Is there any physical significance of the fact that the group manifold (parameter space) of $SO(3)$ is doubly connected?
There exists two equivalence classes of paths in the group manifold of SO(3) or in other words, $\Pi_1(SO(3))=\mathbb{Z}_2$. This space is, therefore, doubly connected. There are paths which come back to initial configurations after a rotation of $2\pi$ and others after a rotation of $4\pi$, with proper parametrization of angles.
Using this fact, is it possible to show that such a topology admits the existence of half-integer spins and integer spins? I understand spinors as objects whose wavefunctions pick up a negative sign after a rotation of $2\pi$, and comes back to itself after a rotation of $4\pi$. Right? But from the topological argument given above, it is not clear to me, that how does it lead to two kinds of wavefunctions, spinor-type $(j=\frac{1}{2},\frac{3}{2},\frac{5}{2}...)$ and tensor-type $j=0,1,2,...$?
It is not explicitly clear how these two types of paths in SO(3) group manifold will lead to such transformation properties on "the wavefunctions"?
http://en.wikipedia.org/wiki/SO%283%29#Topology.
Answer
Just in view of the double universal covering provided by $SU(2)$, $SO(3)$ must a quotient of $SU(2)$ with respect to a central discrete normal subgroup with two elements.

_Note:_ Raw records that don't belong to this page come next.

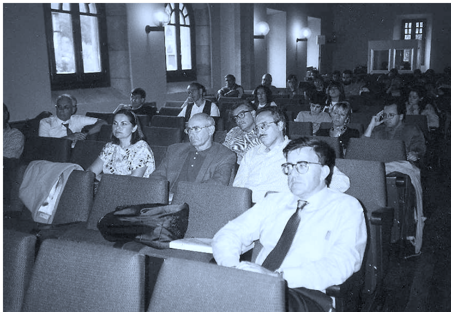
Oñati, 1995.09.05. Aspecto de la Sala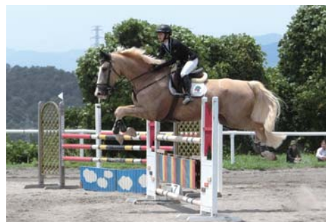
【育成プログラムの活用（馬術）】

県出身選手が全国大会や国際大会で活躍できるようにするため、優れた素質を有するジュニア競技者を発掘し、トップレベルの競技者へと育てる一貫指導システムを構築するとともに、トップ指導者を養成する事業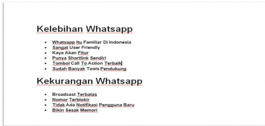
Gambar 2.2 Materi sosialisasi terkait Whatsapp Business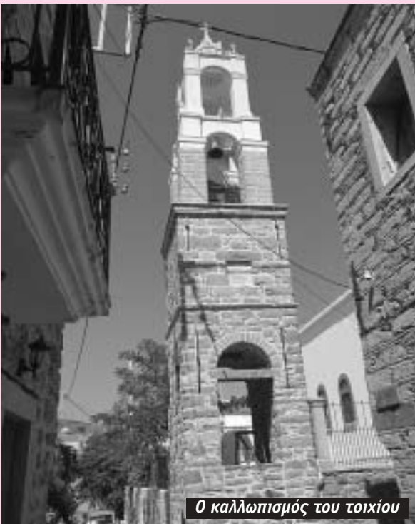
Ο καλλωπισμός του τοιχίου

This is consequence of a general property of universal covering Lie groups:
If $\pi: \tilde{G} \to G$ is the universal covering Lie-group homomorphism, the kernel $H$ of $\pi$ is a discrete normal central subgroup of the universal covering $\tilde{G}$ of $G= \tilde{G}/H$, and $H$ is isomorphic to the fundamental group of $G$, i.e. $\pi_1(G)$ (wich, for Lie groups, is Abelian) .
One element of that subgroup must be $I$ (since a group includes the neutral element). The other, $J$, must verify $JJ=I$ and thus $J=J^{-1}= J^\dagger$. By direct inspection one sees that in $SU(2)$ it is only possible for $J= -I$. So $SO(3) = SU(2)/\{I,-I\}$.

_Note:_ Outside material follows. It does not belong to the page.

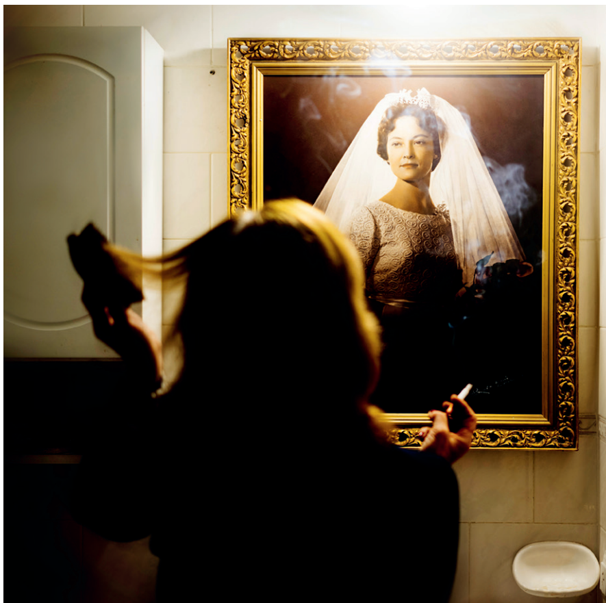
Lucía Morón, Te amo. Yo tampoco. , 2021 © Lucía Morón

«Fa un cert temps vaig acompanyar la mare a buidar la casa de l'àvia.

Notice that $\{I,-I\} = \{e^{i4\pi \vec{n}\cdot \vec{\sigma}/2 }, e^{i2\pi \vec{n}\cdot \vec{\sigma}/2 }\}$ stays in the center of $SU(2)$, namely the elements of this subgroup commute with all of the elements of $SU(2)$. Moreover $\{I,-I\}=: \mathbb Z_2$ is just the first homotopy group of $SO(3)$ as it must be in view of the general statement I quoted above.
A unitary representations of $SO(3)$ is also a representation of $SU(2)$ through the projection Lie group homomorphism $\pi: SU(2) \to SU(2)/\{I,-I\} = SO(3)$. So, studying unitary reps of $SU(2)$ covers the whole class of unitary reps of $SO(3)$. Let us study those reps.

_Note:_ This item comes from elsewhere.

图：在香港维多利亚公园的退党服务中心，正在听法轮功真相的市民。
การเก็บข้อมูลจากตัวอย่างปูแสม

Consider a unitary representation $U$ of $SU(2)$ in the Hilbert space $H$. The central subgroup $\{I,-I\}$ must be represented by $U(I)= I_H$ and $U(-I)= J_H$, but $J_HJ_H= I_H$ so, as before, $J_H= J_H^{-1}= J_H^\dagger$.
As $J_H$ is unitary and self-adjoint simultaneously, its spectrum has to be included in $\mathbb R \cap \{\lambda \in \mathbb C \:|\: |\lambda|=1\}$. So (a) it is made of $\pm 1$ at most and (b) the spectrum is a pure point spectrum and so only proper eigenspeces arise in its spectral decomposition.
If $-1$ is not present in the spectrum, the only eigenvalue is $1$ and thus $U(-I)= I_H$. If only the eigenvalue $-1$ is present, instead, $U(-I)= -I_H$.
If the representation is irreducible $\pm 1$ cannot be simultaneously eigenvalues. Otherwise $H$ would be split into the orthogonal direct sum of eigenspaces $H_{+1}\oplus H_{-1}$. As $U(-1)=J_H$ commutes with all $U(g)$ (because $-I$ is in the center of $SU(2)$ and $U$ is a representation), $H_{+1}$ and $H_{-1}$ would be invariant subspaces for all the representation and it is forbidden as $U$ is irreducible.
We conclude that,
if $U$ is an irreducible unitary representation of $SU(2)$, the discrete normal subgroup $\{I,-I\}$ can only be represented by either $\{I_H\}$ or $\{I_H, -I_H\}$.
Moreover:
Since $SO(3) = SU(2)/\{I,-I\}$, in the former case $U$ is also a representation of $SO(3)$. It means that $I = e^{i 4\pi \vec{n}\cdot \vec{\sigma} }$ and $e^{i 2\pi \vec{n}\cdot \vec{\sigma}/2 } = -I$ are both transformed into $I_H$ by $U$.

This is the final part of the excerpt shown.